NEDÎM-i KADÎM

(نديم قديم)

(ö. 1081/1670)

Divan şairi.

XVII. yüzyılın ilk çeyreği içinde İstanbul’da doğdu. Asıl adı Mehmed’dir. Meşhur divan şairi Nedîm’den ayırt edilmesi için “Kadîm” lakabıyla anıldı. Babasının berber olduğu belirtilmektedir. Şeyhülislâm Ebû Saîd Mehmed Efendi’ye mülâzım olduktan sonra müderrisliğe başladı. Uzun yıllar çeşitli medreselerde müderrislik yaptı (Şeyhî Mehmed Efendi, vr. 291b; Uşşâkīzâde İbrâhim, vr. 202b). 1064’te (1654) 40 akçe ile Cenâbî Efendi Medresesi’nde bulundu. Ardından Sâdî Efendi (1068/1657), Süleyman Subaşı, Nişancı Paşa-yı Atîk, Beşiktaş’taki Sinan Paşa ve Rüstem Paşa medreselerinde görev yaptıktan sonra 1076’da (1665) Sahn-ı Semân Medresesi müderrisliğine yükseldi. 1079’da (1668) 60 akçe ile tayin edildiği Zal Mahmud Paşa Medresesi müderrisliğinde iken Safer 1081’de (Haziran 1670) vefat etti. Ölüm tarihi yanlışlıkla Mehmed Âsım tezkiresinde 1080 (vr. 45a), Sicill-i Osmânî’de 1108 (1696) (IV, 549) olarak gösterilmiştir. Rüşdî onun ölümüne, “Gitti bir fâzıl dediler fevtinin târîhini / Sahn-ı cennette Nedîmâ ol nedîm-i kudsiyân” beytini tarih düşürmüştür. Kabrinin bugün ortadan kaldırılmış olan Beyoğlu’ndaki Ayas Paşa Mezarlığı’nda olduğu kaydedilir (Tuman, II, 1042). Kaynaklarda zeki, nüktedan, hoşsohbet, zarif ve devlet erkânının meclislerinde seçkin yer edinmiş bir şahsiyet olarak tanıtılan Nedîm rahatına ve zevkine düşkün rindmeşrep bir şairdir.

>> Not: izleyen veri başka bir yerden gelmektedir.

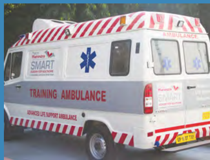
ADVANCE LIFE SUPPORT AMBULANCE
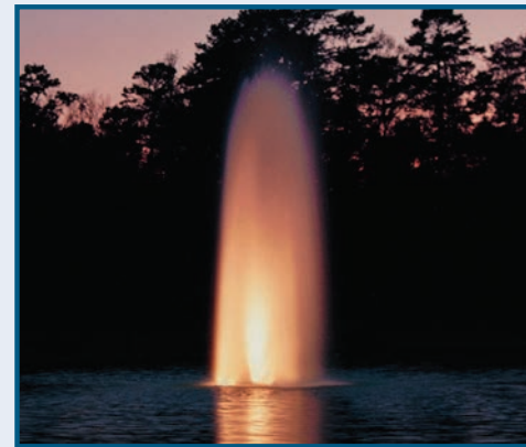
G SEQUOIA - WITH LIGHTING - 5 HP
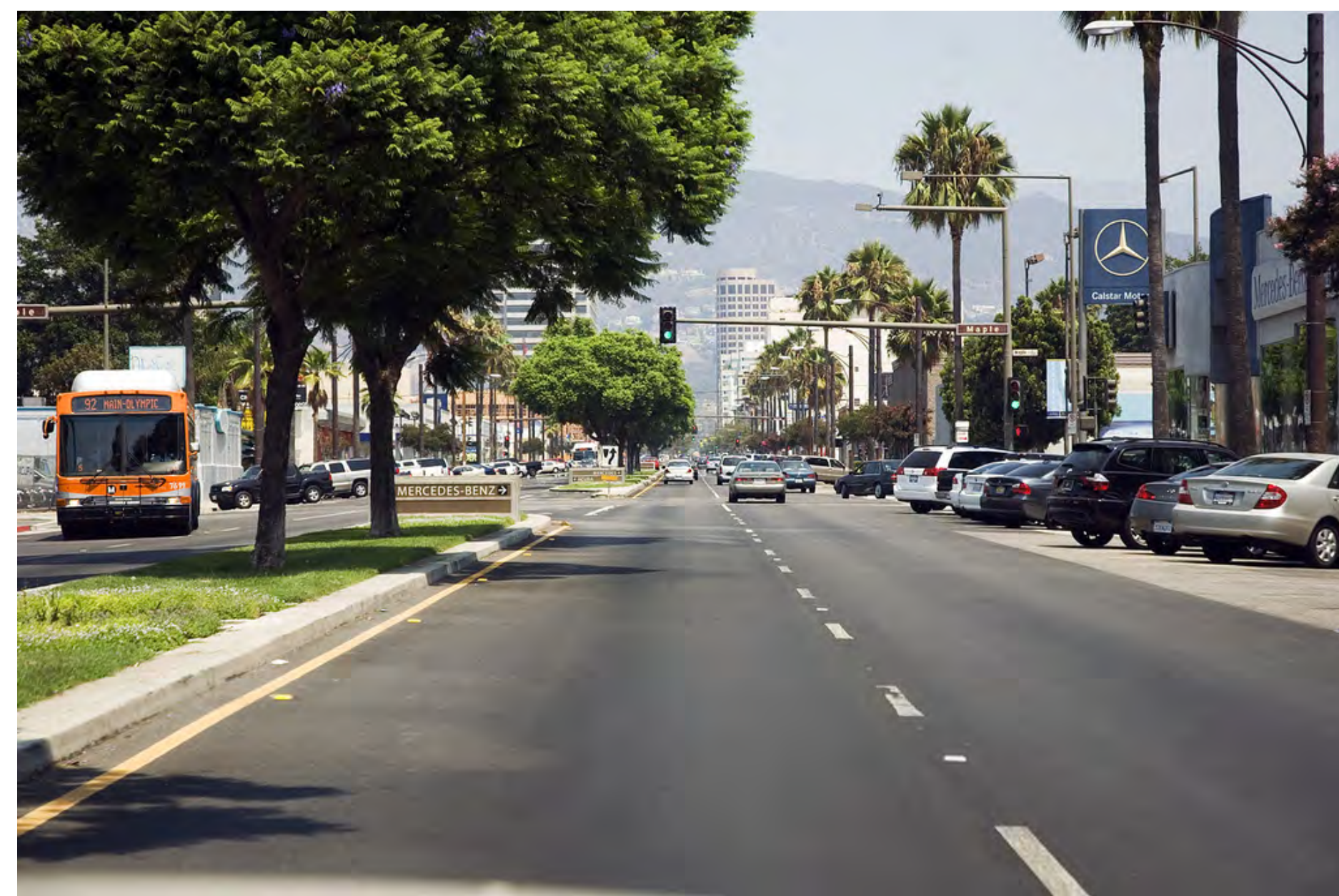
2 Brand Boulevard of Cars Corridor
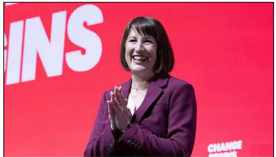
RACHEL REEVES: "My ambition for Britain knows no limits"

"Yes, we must deal with the Tory legacy and that means tough decisions, but I won't let that
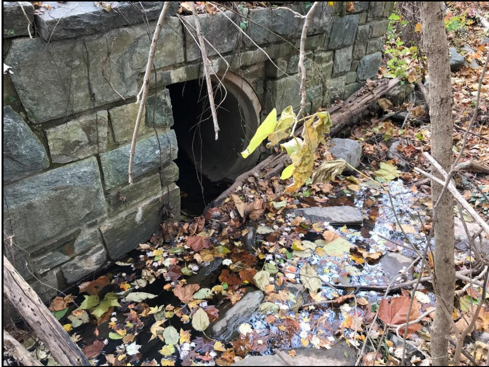
Waters 10PP – Intermittent
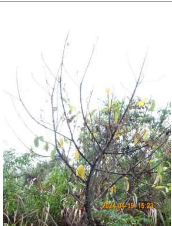
T040 – Closer view
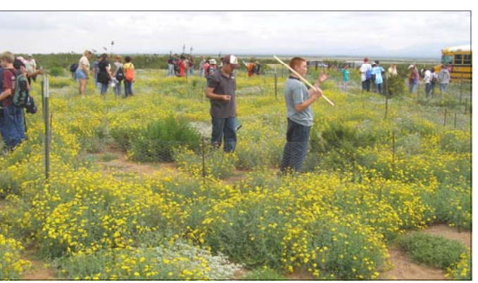
For several years, students in the Sierra Middle School Science Magnet program have learned about science and the desert by collecting data on plant restoration at the Asombro Institute's Chihuahuan Desert Nature Park.

For more information on the No Child Left Inside movement, including progress of H.R. 3036, please visit the No Child Left Inside Coalition's web site (http://www.cbf.org).
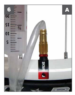
A. Recommended: Attached sealant injector to valve, pinch injector tube, pour sealant into injector, release tube and push plunger.
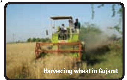
Harvesting wheat in Gujarat
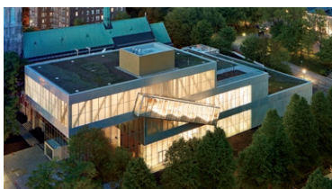
Pierre Lassonde pavilion Contemporary art

The MNBAQ is: 22 exhibit spaces, 400 years of Quebec's art history, more than 4,000 artists represented in the national collection. An architectural experience in 4 unique pavilions.
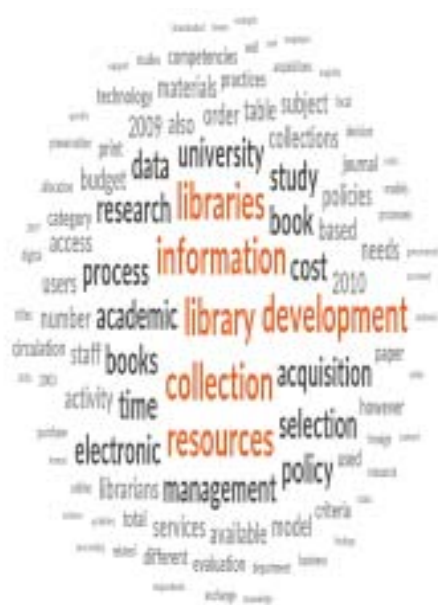
Figure 2: Word Cloud with the literature on acquisition of resources

A tree map is a diagrammatic representation of the hierarchy in data portrayed in set of rectangles varying in sizes as they appear in the literature review. Frequency of the text is mapped accordingly in the tree map. Figure 3 depicts the various areas related to library and information science where acquisition is one of them.
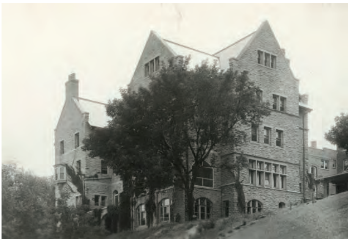
IMAGE 6: Chi Psi fraternity house, 150 Iota Court, 1917.
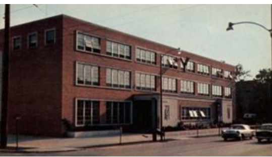
1953 Site of second Marion Family YMCA on Church Street
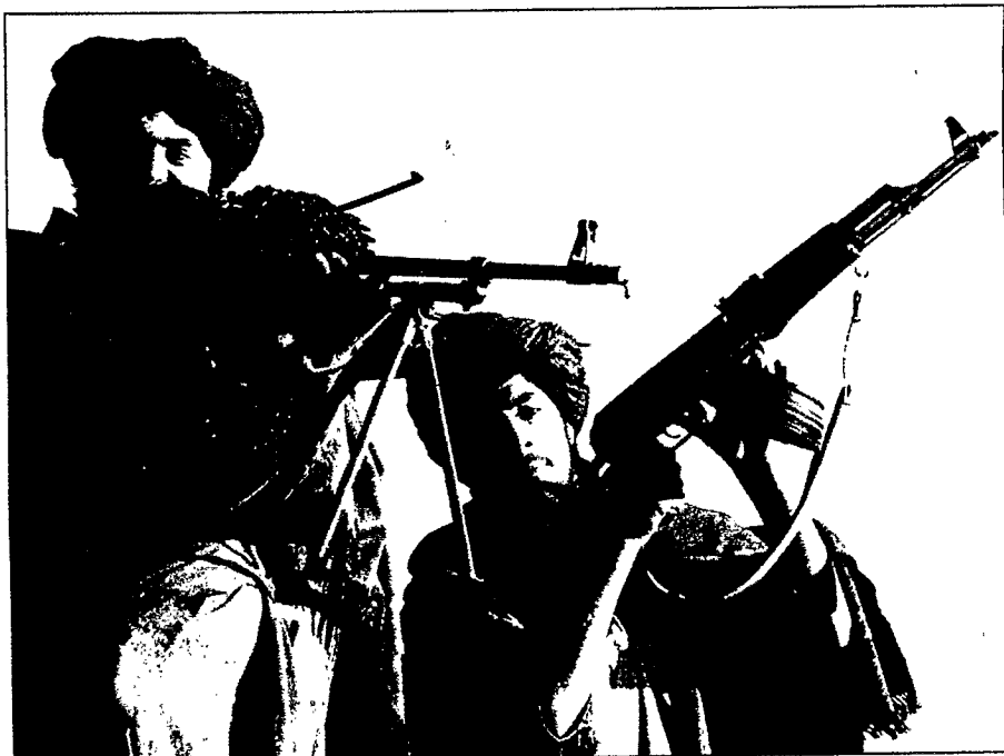
No mercy: men, women and children were murdered in their homes as Taliban gunmen took over Mazar-e-Sharif
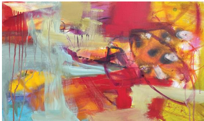
Snap, Crackle, Pop
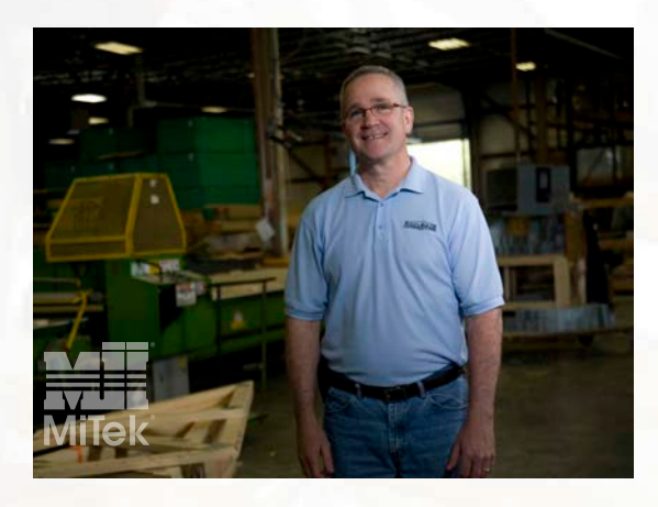
"For me, the number one reason for going over to SAPPHIRE Structure was to have access to SAPPHIRE Viewer.

SAPPHIRE Viewer™ is a free 3D software tool, designed for builders, architects, and engineers to collaborate with component manufacturers on house designs using a shared 3D model. With SAPPHIRE Viewer , users can quickly review SAPPHIRE models in "plan" and 3-D views, using zoom and pan. They can also access bookmarked views, elevation drawings and isolate items to view in the model, such as a particular level or layer.

Güftî, Nedîm-i Kadîm’i ağır bir dille hicvederse de kendisini Tarzî, Şehrî ve Nâilî ile birlikte dönemin şairlerinin ileri gelenleri arasında gösterir. Safâî de onun sade ve zarif diliyle gerek nazım gerek nesirde devrinin önde gelenlerinden biri olduğunu belirtir (Tezkire, vr. 248b). Uşşâkīzâde İbrâhim (Şekāiku’n-Nu‘mâniyye Zeyli, vr. 203a) ve Şeyhî Mehmed Efendi (Vekāyiu’l-fuzalâ, vr. 292a) şiir ve inşâda vukufunun tartışılmaz olduğunu, üslûbunun gönle hoş geldiğini yazar. Nedîm-i Kadîm ile Nedîm arasında bazı araştırmacılar benzerlik görürse de her iki şairin eserleri incelendiğinde benzeyen yanlarının fazla olmadığı ortaya çıkar.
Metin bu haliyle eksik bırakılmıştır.